But I’m really worried I will not pass this course. I look at how hard I have to study to pass, and it is incredibly hard. Lots of people have failed off the other courses. Now I know I have the smarts to pass, and nobody has ever called me lazy before. So I know that if I buckle down, I can pass this course.

But what direction do I really want to take? Do I really want to be a vehicle technician? I look at the lifestyle I have now, I sometimes feel like I’ve gone backwards in life.

Now I have made improvements, and I’m slowly getting back to my old self. I quit smoking, so I’m not doing that anymore. I don’t mind drinking, but I have slowed down so I’m not wasting money on it so much, and so I can think better. I still get drunk occasionally. Of course on my holidays I plan to get pretty smashed with my boys on Christmas holidays.

But really, I have improved there. But I’m overweight again. I used to be in good shape. I used to run all the time, lift weights, and watch my food. What has caused me to go back to my original 270 lbs? Well basically I just run and eat lots. I still run, when the military takes us for runs. I still keep the cardio in, but it’s not enough. I need to lift the weights, I need to watch out how much I eat.

Now right now with the amount of time I have for myself, I am only going to be able to watch what I eat. I need to get a handle on this part. Because I don’t know what they are feeding me in there every day, I can’t really set up a schedule to eat only certain food every day.

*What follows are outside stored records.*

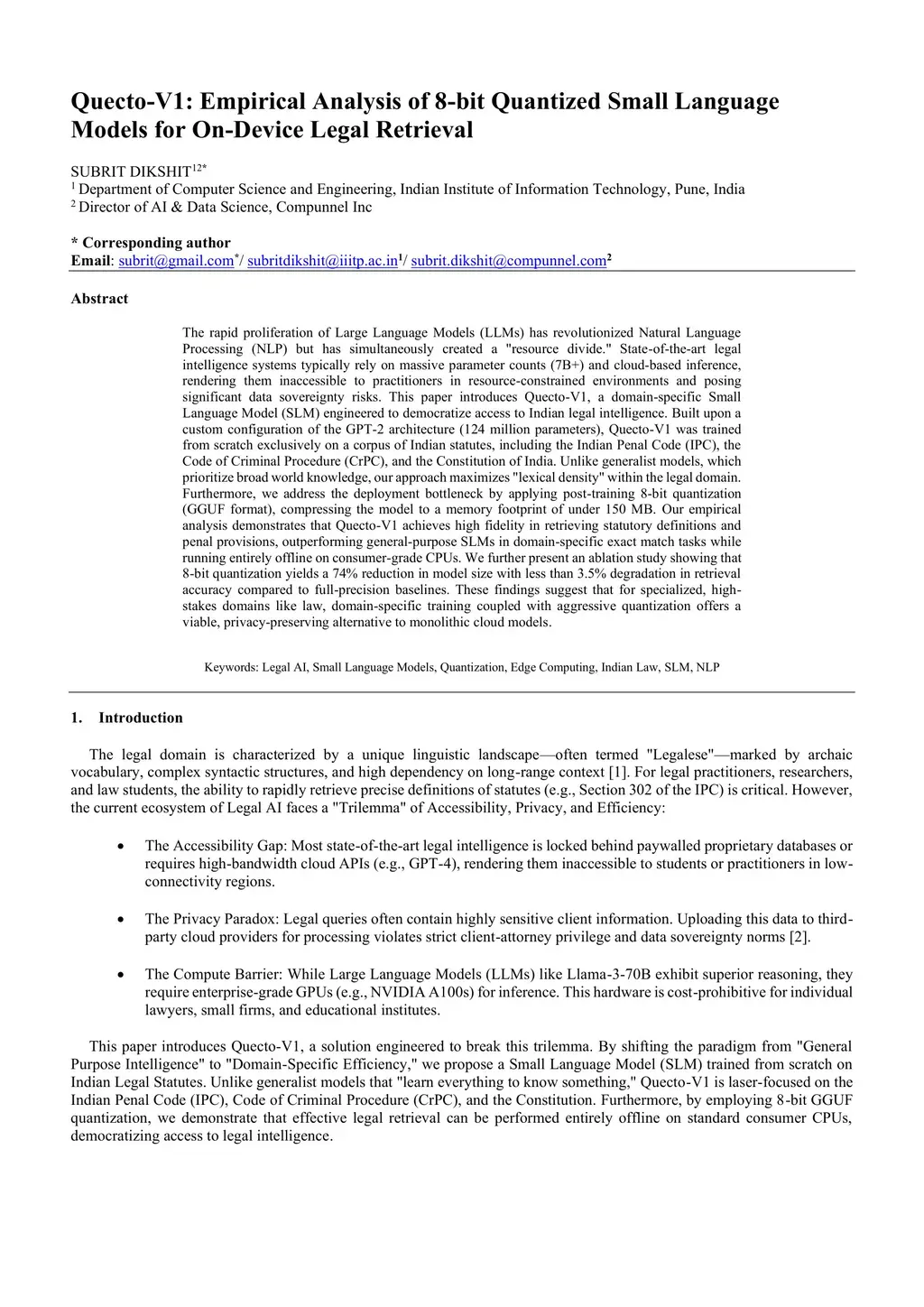 The rapid proliferation of Large Language Models (LLMs) has revolutionized Natural Language Processing (NLP) but has simultaneously created a "resource divide." State-of-the-art legal intelligence systems typically rely on massive parameter counts (7B+) and cloud-based inference, rendering them inaccessible to practitioners in resource-constrained environments and posing significant data sovereignty risks. This paper introduces Quecto-V1, a domain-specific Small Language Model (SLM) engineered to democratize access to Indian legal intelligence. Built upon a custom configuration of the GPT-2 architecture (124 million parameters), Quecto-V1 was trained from scratch exclusively on a corpus of Indian statutes, including the Indian Penal Code (IPC), the Code of Criminal Procedure (CrPC), and the Constitution of India. Unlike generalist models, which prioritize broad world knowledge, our approach maximizes "lexical density" within the legal domain. Furthermore, we address the deployment bottleneck by applying post-training 8-bit quantization (GGUF format), compressing the model to a memory footprint of under 150 MB. Our empirical analysis demonstrates that Quecto-V1 achieves high fidelity in retrieving statutory definitions and penal provisions, outperforming general-purpose SLMs in domain-specific exact match tasks while running entirely offline on consumer-grade CPUs. We further present an ablation study showing that 8-bit quantization yields a 74% reduction in model size with less than 3.5% degradation in retrieval accuracy compared to full-precision baselines. These findings suggest that for specialized, high-stakes domains like law, domain-specific training coupled with aggressive quantization offers a viable, privacy-preserving alternative to monolithic cloud models.
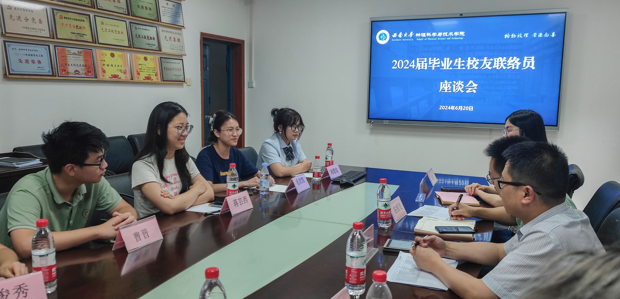 6月20日下午,51风流 2024届毕业生校友联络员座谈会在51风流 二楼会议室召开。51风流 党委书记舒刚、学校对外联络办公室谷剑飞,51风流 校友工作负责人宋佳芮、毕业年级辅导员熊中碧、晏勇,以及来自2024届毕业班的10位校友联络员李沛芹、陈秋杉、何昌超、毛欣悦、刘思仪、龚禧、曹晋、蒋芸西、谢俊秀、任一心参加了会议。
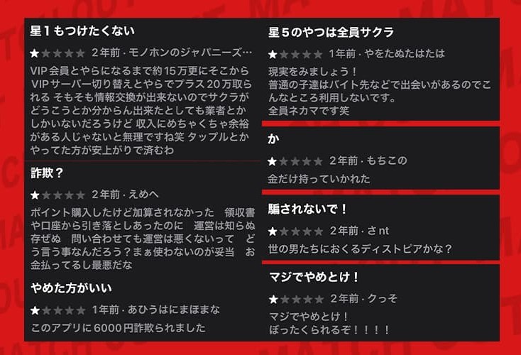 App Storeの低評価レビューでも、詐欺られた等の被害報告が多いし、これだけの声と俺の検証結果が一致している事実は無視できないな。
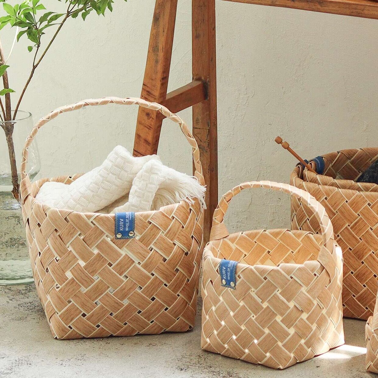 北欧の白樺かご風の軽量でシンプルなワンハンドルバスケット。
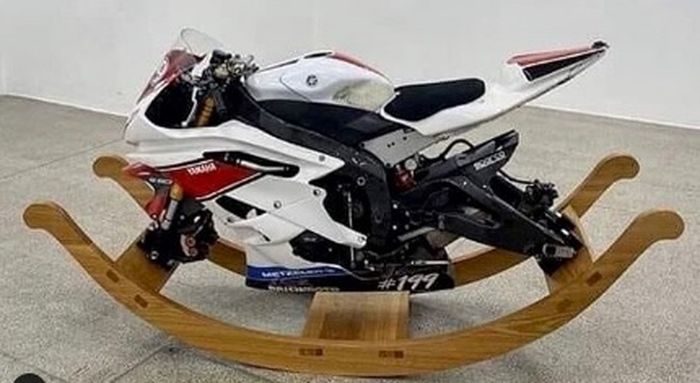 Yamaha YZF R1 terlihat dijadikan mainan anak-anak atau yang biasa disebut ayunan.
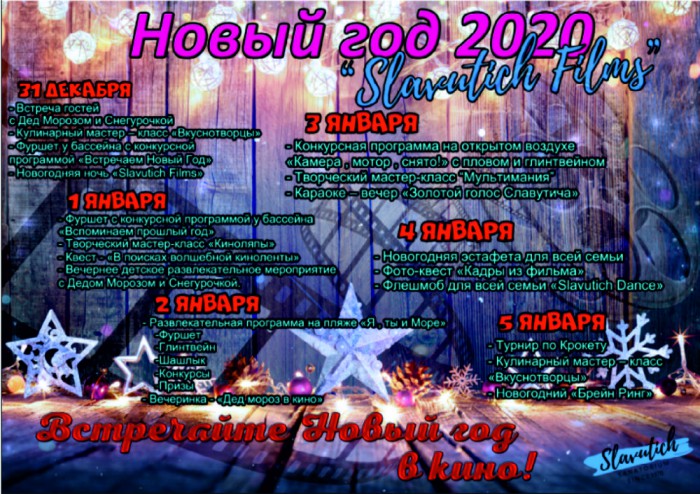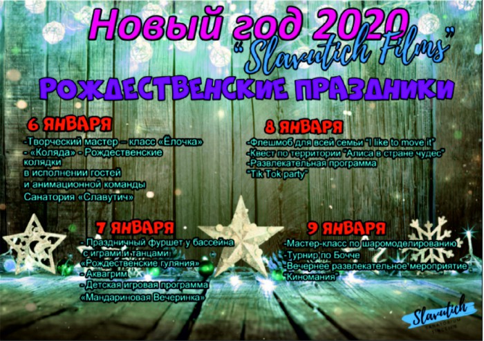 С 31 декабря на 1 января для гостей санатория увлекательная новогодняя программа«Slavutich Films», встреча с Дедом Морозом и Снегурочкой.

What I do know is they have an abundant supply of raw vegetables and fruits. I know they have a meat every meal, though sometimes quite greasy. I know they have water, and milk. I also know they have whole wheat breads. Multi grain. Rye. They have good bread.

So what should I stick to? What should I eat from what I mentioned? Well I should grab the most fat free meat they have at each meal, or another animal by product if the food is really fatty. So for breakfast I shouldn’t eat the bacon or sausage. I should grab hard boiled eggs and eat only the egg whites.

I should then only grab water for my drinks. If I’m working out with weights then milk is good, but if all I’m doing is running and eating well, then I should avoid drinking lots of milk. Water is better. I should grab fresh fruits during breakfast to get the energy into me. And a whole grain bread source.

During lunch and supper I should grab the raw vegetables instead. During lunch some bread is good as well if I want to mix it with the veggies to make a sandwich.

All my food should fit on one plate nicely. Not stacked up, but nicely. This is another thing. I eat one plate of food at every meal, but it’s usually heaping, and full of fried foods. Now I need to also get it through my head it’s a lifestyle I’m doing here. If I always eat healthy, the fat on my body will slowly disappear and eventually I’ll be back to my old weight of 230 lbs or so.

Once I get the time, I need to also hit the weights. Now what I need to figure out next is what do I want to do for academics? I know the course I’m taking is extremely tough, and it’s long. Do I really want to be a mechanic? Where do my true passions lye?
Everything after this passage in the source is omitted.